Child benefits in the United Kingdom are a series of welfare payments and tax credits made to parents with children in the UK, a major part of the welfare state.

==The child tax allowance==
The first modern child tax credit was introduced in David Lloyd George's 1909 'People's Budget'. This introduced a £10 income tax allowance per child, for tax payers earning under £500 per annum. Following extensive Parliamentary debate, the Budget became law as the Finance Act (1909–1910) 1910 on 29 April 1910. Since the income tax rate was then 1 shilling and tuppence in the pound (5.83%), the value of the tax credit was therefore 11 shillings and eight pence per child. Since most people did not earn enough to pay tax, this was a subsidy for middle-class parents. The nominal value of these tax credits were generally, though not always, increased in line with income tax rates. For instance, by 1916, income tax had increased to five shillings in the pound (25%), and the tax credit to £25, giving a value of the tax credit of £6 5 shillings.

Child Tax Allowance was removed in 1979, when the value of the allowance was transferred into a higher child benefit payment.

==Family Allowance==
Calls began for a specific family payment in the early part of the twentieth century. These were successfully opposed by those who saw men, earning higher wages than women, as bread-winners, supporting the family through their wages – family allowance payments were seen as socialist and/or feminist in nature.

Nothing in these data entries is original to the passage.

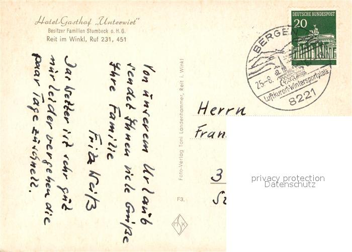 73111940 alte Postkarte Reit Winkl Hotel Unterwirt postalisch gelaufen Erhaltung siehe scans [NatalD47] KatCode: 11110009189139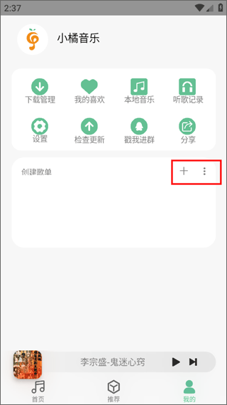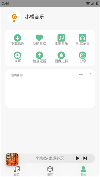 1、进入小橘音乐2024最新版本后,功能分区清晰明了。
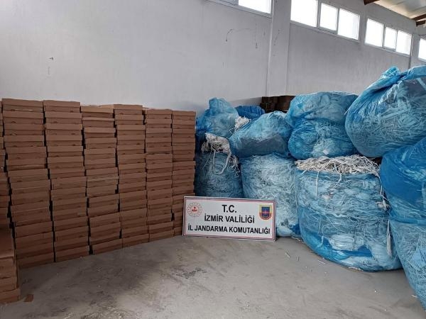İZMİR'in Torbalı ilçesinde, jandarma ekiplerince düzenlenen baskında 1,5 ton kaçak tütün ve 2 milyon 200 bin sigara filtresi ele geçirildi, 3 kişi gözaltına alındı.

Over the 1930s, growing evidence showed that large numbers of children were born into poverty, with 47% suffering five years or more of malnutrition. Higher wages would not effectively target these children, as the majority of male workers had no dependent children. A White Paper on Family Allowances was published in May 1942, giving costings for various levels of family allowance. These were not immediately adopted, and following the publication of the Beveridge Report, which called for subsistence levels of payments, uprated with the cost of living, the Family Allowances Act 1945 was passed. This provided for a five shilling per week payment for each child, after the first. This was designed to support large families, and was set well below the nine shilling a week subsistence level (further devalued by inflation) recommended by Beveridge. In 1952 the rate was increased to eight shillings per week. In 1956 the rate for the third and subsequent children was increased to ten shillings per week, and the maximum age for payments for dependent children was increased from 15 to 18.

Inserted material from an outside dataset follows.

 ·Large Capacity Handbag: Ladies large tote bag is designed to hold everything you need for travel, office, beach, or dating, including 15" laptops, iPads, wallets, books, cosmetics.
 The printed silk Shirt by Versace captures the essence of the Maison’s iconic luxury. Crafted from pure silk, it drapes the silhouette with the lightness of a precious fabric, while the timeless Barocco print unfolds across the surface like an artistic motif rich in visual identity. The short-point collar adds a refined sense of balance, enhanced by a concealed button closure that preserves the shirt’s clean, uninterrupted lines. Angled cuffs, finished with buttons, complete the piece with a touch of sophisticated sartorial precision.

In 1968 the rates were increased from 8 to 15 and then 18 shillings and from 10 to 17 shillings and then £1 respectively, but this was paid for in part by a reduction in the value of child tax allowance, so that the poor would benefit, but the middle classes did not.

In 1975, the rate was increased to £1.50 (equivalent to 30 shillings) for each child after the first.

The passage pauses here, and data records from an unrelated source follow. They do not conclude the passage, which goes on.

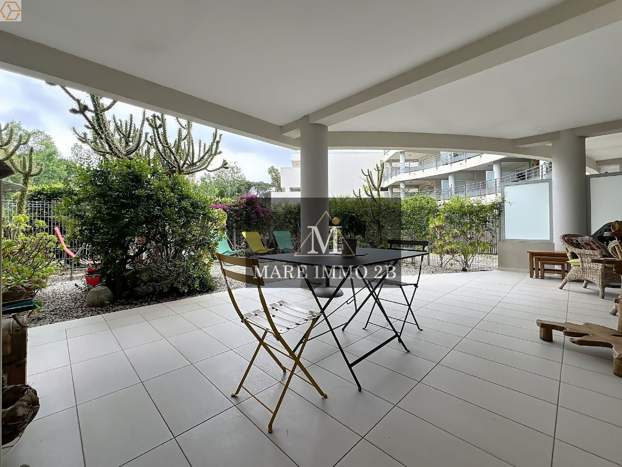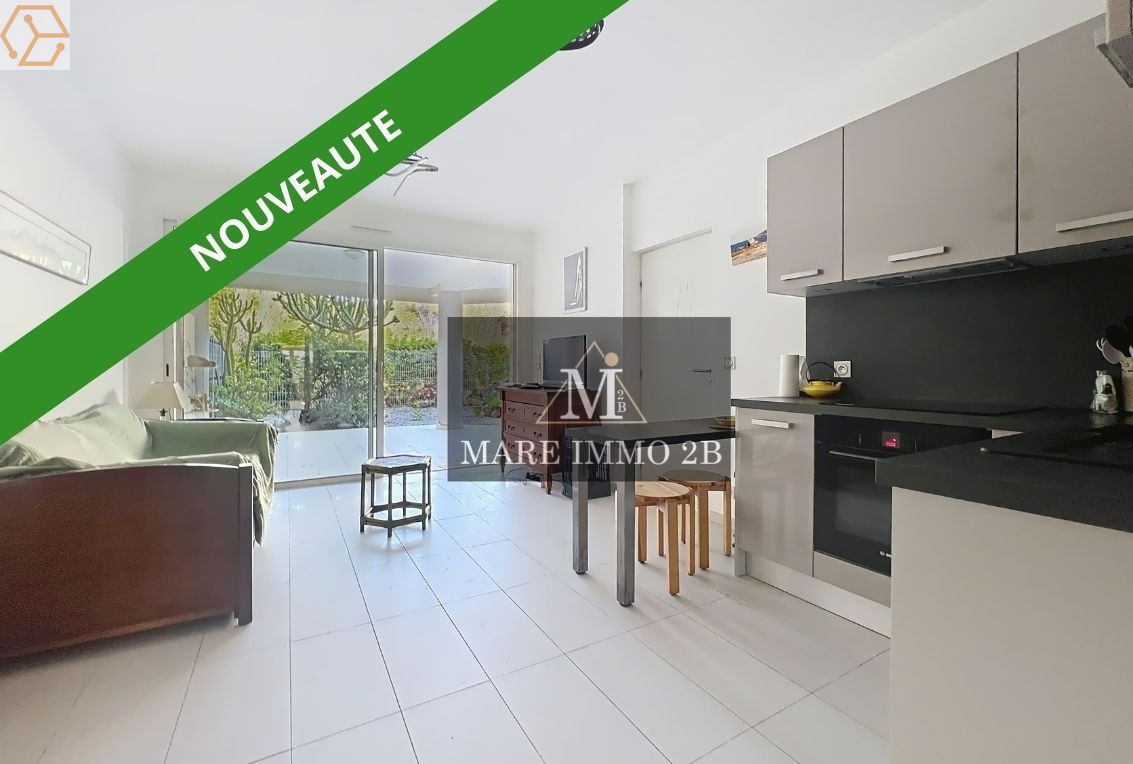 Cuisine équipée ouverte sur un salon avec accès à une terrasse de 32m² et un jardin de 36m².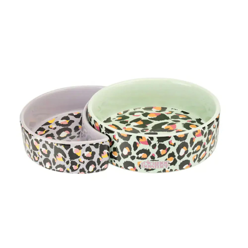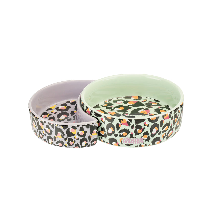 This adorable pet bowl set features a traditional round bowl and a half-moon side bowl that slots neatly together in a gorgeous leopard print contrasting pastel mint green & purple colours, made from durable stoneware, stackable for easy storage, perfect for cats & dogs alike.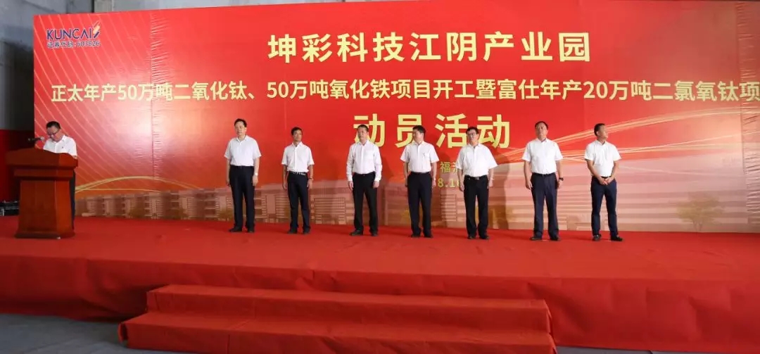 慧正资讯:2019年8月16日,坤彩科技江阴产业园正太年产50万吨二氧化钛、50万吨氧化铁项目开工暨富仕年产20万吨二氯氧钛项目正式投产动员活动在福州江阴港城经济区隆重举行!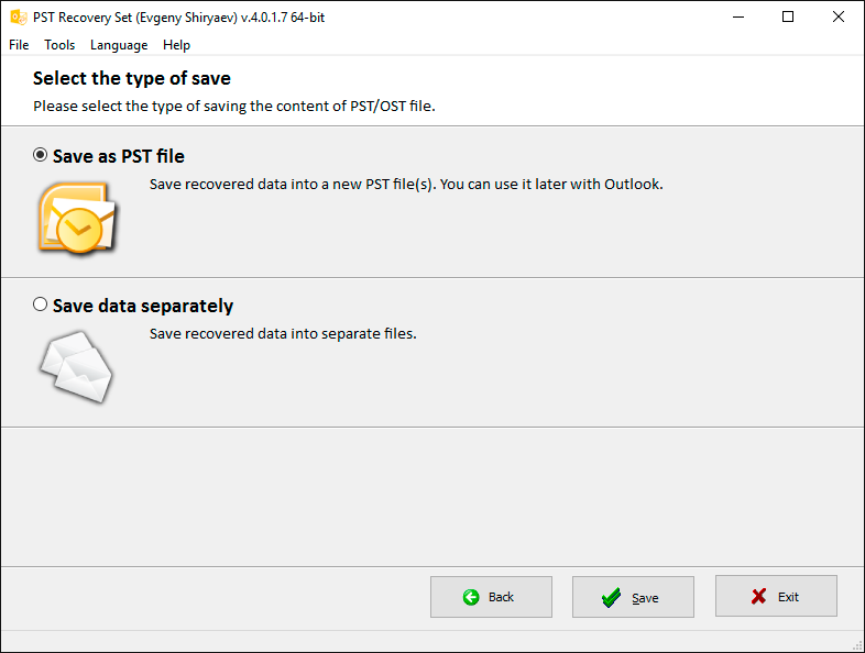 The PST Recovery Set is designed for restoring data from damaged Microsoft Outlook PST files, such as stored emails, contacts, notes, tasks, appointments, meetings, attachments and other data.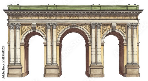 Elegant Triple Archway Architectural Design - Classic architecture, elegant design, ornate detailing, triple arch structure, historical inspiration.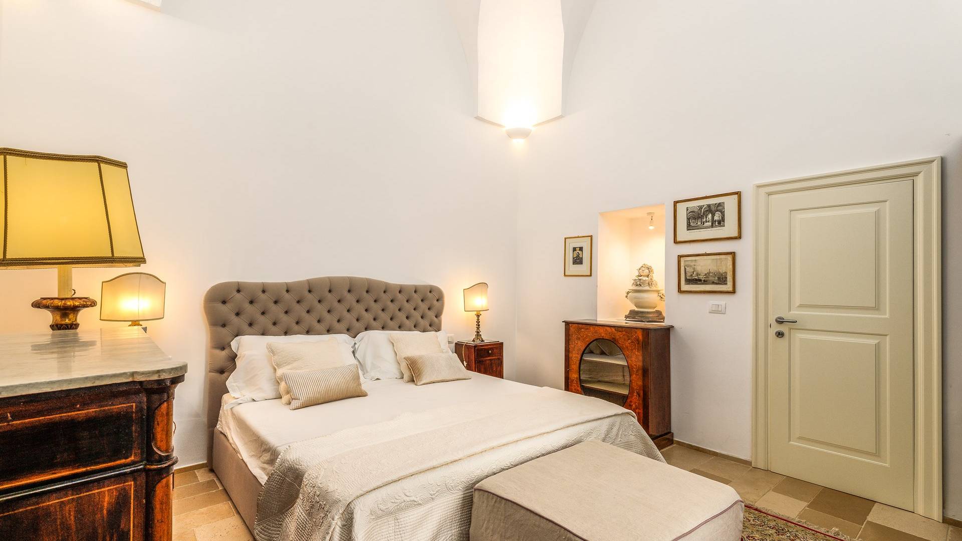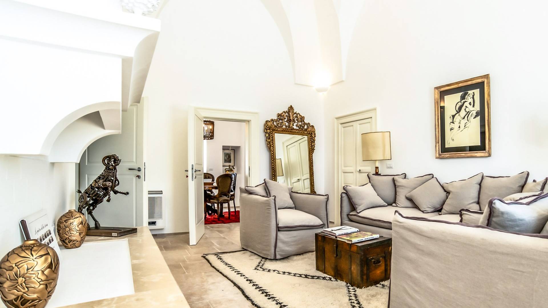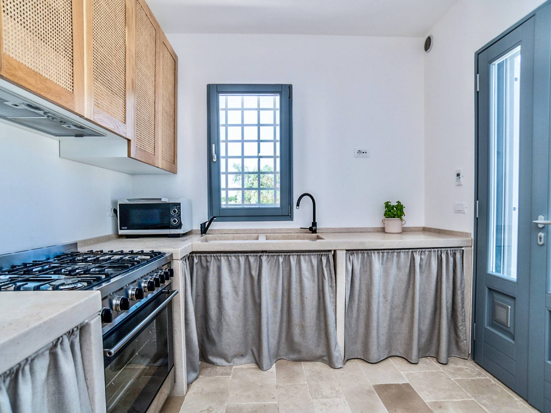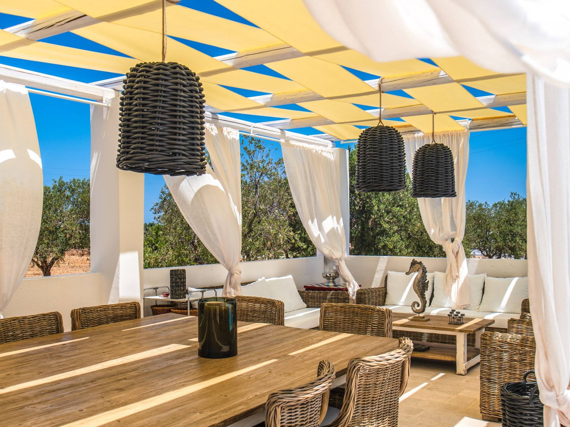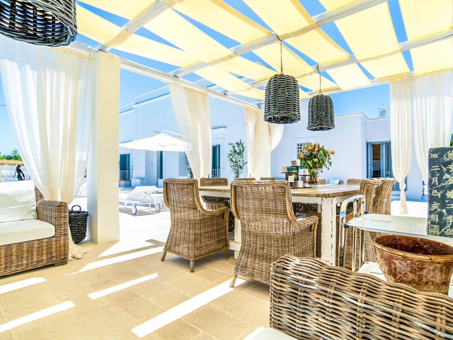 Gli interni comprendono un ampio soggiorno, una zona pranzo e un'area benessere. Sul terreno, c'è una piscina a sfioro, un solarium con sedie e divani per gli ospiti. Vicinissima al centro del paese, la Masseria dispone di cinque camere da letto arredate in stile elegante con pareti laccate in tinte tenui, tessuti contemporanei e arredi su misura di artigiani locali italiani.

==Family Income Supplement==

Family Income Supplement was introduced in 1970 by the new Conservative government of Edward Heath, following a child poverty campaign, effective from August 1971, and provided for a payment to families on low wages. Claimants were required to provide payslips, to prove they were in employment, for a minimum of 24 hours per week. Take-up of the benefit was initially poor, with less than half of those eligible claiming.

Rates were raised largely in line with inflation to 1979, but several above-inflation increases followed under the Conservative government of Margaret Thatcher. By November 1984, rates had risen to a maximum £23/week for one child, and an additional maximum of £2/week for each subsequent child, based on a maximum income threshold of £90/week, plus £10/week for each additional child. In addition, the numbers of families in receipt of the benefit, which showed no increase in the number of recipients over the 1970s (in 1972, there were 89,000 in receipt, and in 1980, 88,000), increased sevenfold over the course of the 1979–1997 Conservative governments.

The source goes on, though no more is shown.